Rs 3 0 1_Splot

SPlot tutorial

This tutorial shows an example of using SPlot to unfold two distributions. The physics context for the example is that we want to know the isolation distribution for real electrons from Z events and fake electrons from QCD. Isolation is our 'control' variable. To unfold them, we need a model for an uncorrelated variable that discriminates between Z and QCD. To do this, we use the invariant mass of two electrons. We model the Z with a Gaussian and the QCD with a falling exponential.
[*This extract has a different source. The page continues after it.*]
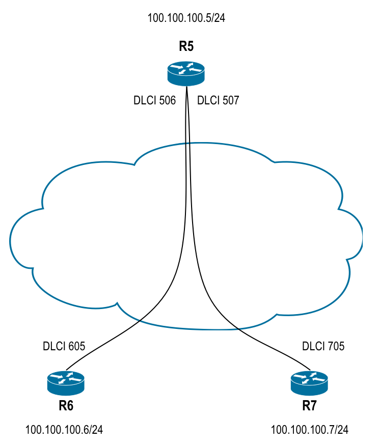 R5#sh run int s0/0 ! ! interface Serial0/0 ip address 100.100.100.5 255.255.255.0 encapsulation frame-relay ip ospf priority 100 clock rate 2000000 frame-relay map ip 100.100.100.6 506 broadcast frame-relay map ip 100.100.100.7 507 broadcast end R5#sh run | beg router ospf router ospf 1 log-adjacency-changes network 0.0.0.0 255.255.255.255 area 0 neighbor 100.100.100.6 neighbor 100.100.100.7 !

Note, since we don't have real data in this tutorial, we need to generate toy data. To do that we need a model for the isolation variable for both Z and QCD. This is only used to generate the toy data, and would not be needed if we had real data.

Author: Kyle Cranmer
This notebook tutorial was automatically generated with ROOTBOOK-izer from the macro found in the ROOT repository on Sunday, February 16, 2020 at 03:44 AM.

In [1]:
%%cpp -d
#include "RooRealVar.h"
#include "RooStats/SPlot.h"
#include "RooDataSet.h"
#include "RooRealVar.h"
#include "RooGaussian.h"
#include "RooExponential.h"
#include "RooChebychev.h"
#include "RooAddPdf.h"
#include "RooProdPdf.h"
#include "RooAddition.h"
#include "RooProduct.h"
#include "TCanvas.h"
#include "RooAbsPdf.h"
#include "RooFit.h"
#include "RooFitResult.h"
#include "RooWorkspace.h"
#include "RooConstVar.h"
#include <iomanip>

Use this order for safety on library loading

In [2]:
%%cpp -d
// This is a workaround to make sure the namespace is used inside functions
using namespace RooFit;
using namespace RooStats;

See below for implementation

In [3]:
void AddModel(RooWorkspace *);
void AddData(RooWorkspace *);
void DoSPlot(RooWorkspace *);
void MakePlots(RooWorkspace *);

In [4]:
%%cpp -d
void AddModel(RooWorkspace *ws)
{

   // Make models for signal (Higgs) and background (Z+jets and QCD)
   // In real life, this part requires an intelligent modeling
   // of signal and background -- this is only an example.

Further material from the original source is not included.